As the Chair of the Canadian Chapter, it came as a shock to hear that Norm Elder, founder of our chapter in 1979, died on Wednesday October 15th, 2003 in Toronto. I only met Norm on one occasion earlier this year, so I really didn't know him well, but every one that I've ever spoken to about Norm always spoke of his love of life and in a positive way of his eccentricity. Norman was a graduate of Upper Canada College, the University of Western Ontario and the University of Toronto. He was the Curator of the Norman Elder Museum, which included unusual artifacts that he collected from his many travels around the world. He undertook expeditions to Papua New Guinea, the Amazon, the Congo, the Arctic and most recently Madagascar. He represented Canada at the 1959 Pan-American Games where he won the Gold and Bronze medals in the Equestrian events.

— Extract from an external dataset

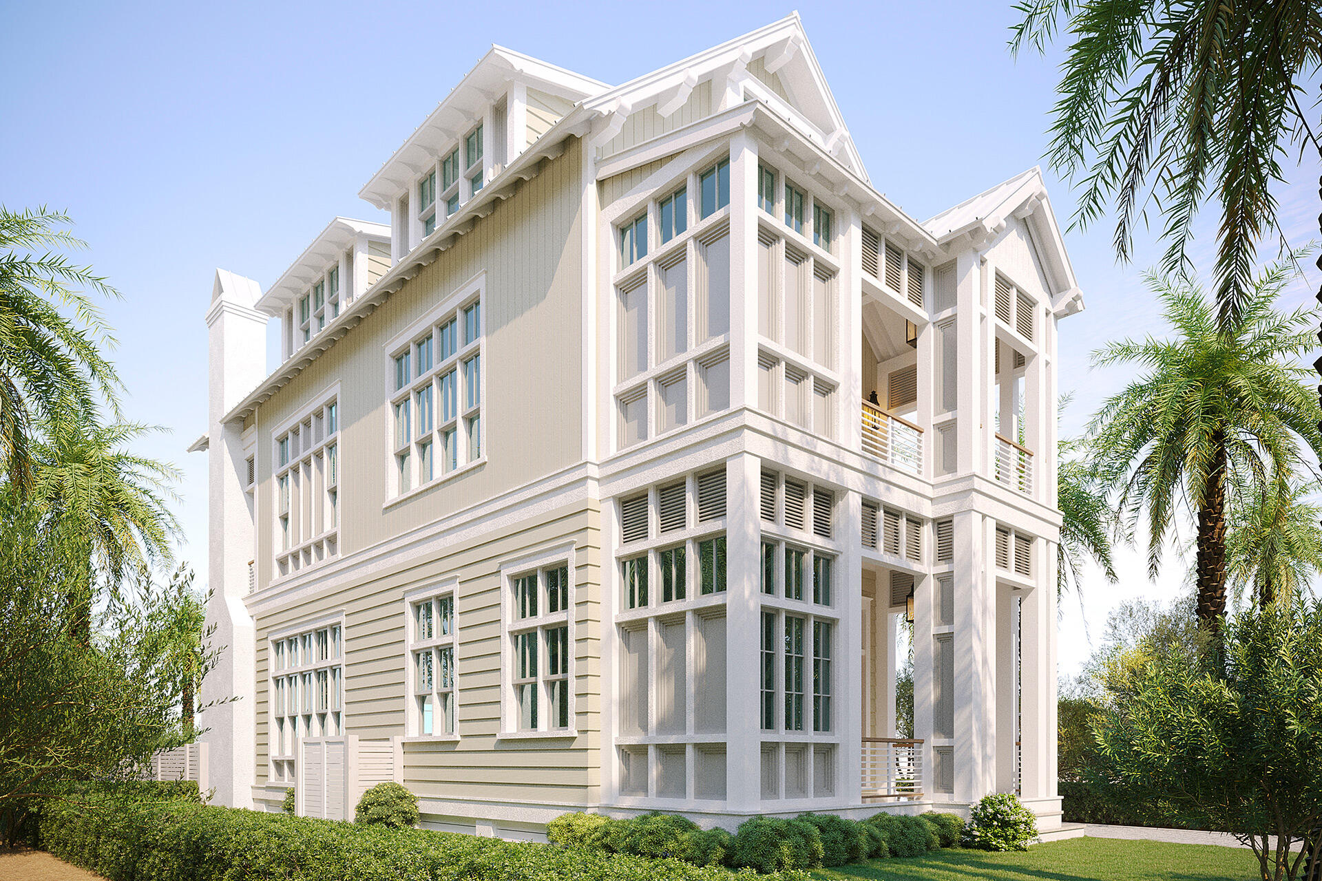 Introducing Lot 35, an exceptional new construction offering in the highly coveted Phase V of WaterColor. Set on a premier homesite along String Lily Cove, this custom residence delivers rare privacy while placing you moments from the WaterColor Beach Club, multiple resort-style pools, and the iconic sugar-white sands of 30A.Encompassing 4,000+ sq ft of refined living space, the three-story design features 4 bedrooms, 4 full baths, 2 half baths, a dramatic great room with exposed beams, and expansive indoor-outdoor living. A private infinity-edge pool with fire bowls, lower-level custom fire pit, and fully equipped outdoor kitchen with dining area create a true resort experience at home. Crafted by Borges Brooks Builders, the home showcases exceptional detail throughout. The second level hosts a luxurious primary suite with a spa-inspired bathroom, oversized walk-in closet, and private balcony overlooking the pool. This floor also includes an office and a covered walkover connecting to the carriage house suite with its own full bath. The third floor offers two additional guest suites, 2.5 baths, and a generous bonus living area. A private elevator services all levels for ultimate convenience. Exterior cedar siding elevates the home's timeless coastal aesthetic.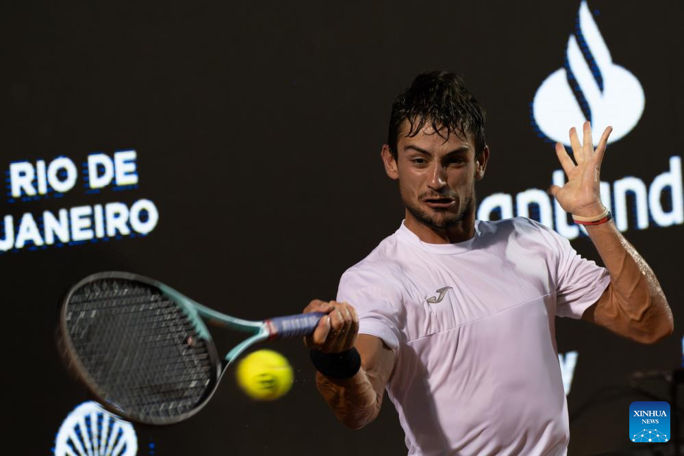 Mariano Navone of Argentina hits a return during the men's singles final between Sebastian Baez of Argentina and Mariano Navone of Argentina at the 2024 ATP500 Rio Open at Jockey Club Brasileiro in Rio de Janeiro, Brazil, Feb. 25, 2024. (Xinhua/Wang Tiancong)

He also represented our country at the 1960 and 1968 Olympic Games. Norman will be missed by all.


William Sarjeant

During July 2002 in Saskatoon, Prof. William Sarjeant passed away. William was a professor at the University of Saskatchewan, and the following is how Jason Schoonover, a Canadian Chapter member in Saskatoon described him, "Bill was a geology prof at the U of S and had written tons of books on the subject - as well as fiction under a penname - and was one of the world's leading geologists, as well as a genuine Renaissance man. His interests and passions were legion, from music to protecting Saskatoon's old buildings. His enormous geology library was donated to the University of Alberta and was worth a fortune. I, unfortunately, was only distantly acquainted with him. Toontown is a small town but I'm often away half the year. With him gone that leaves me as the sole Explorer in town. Kinda lonely...."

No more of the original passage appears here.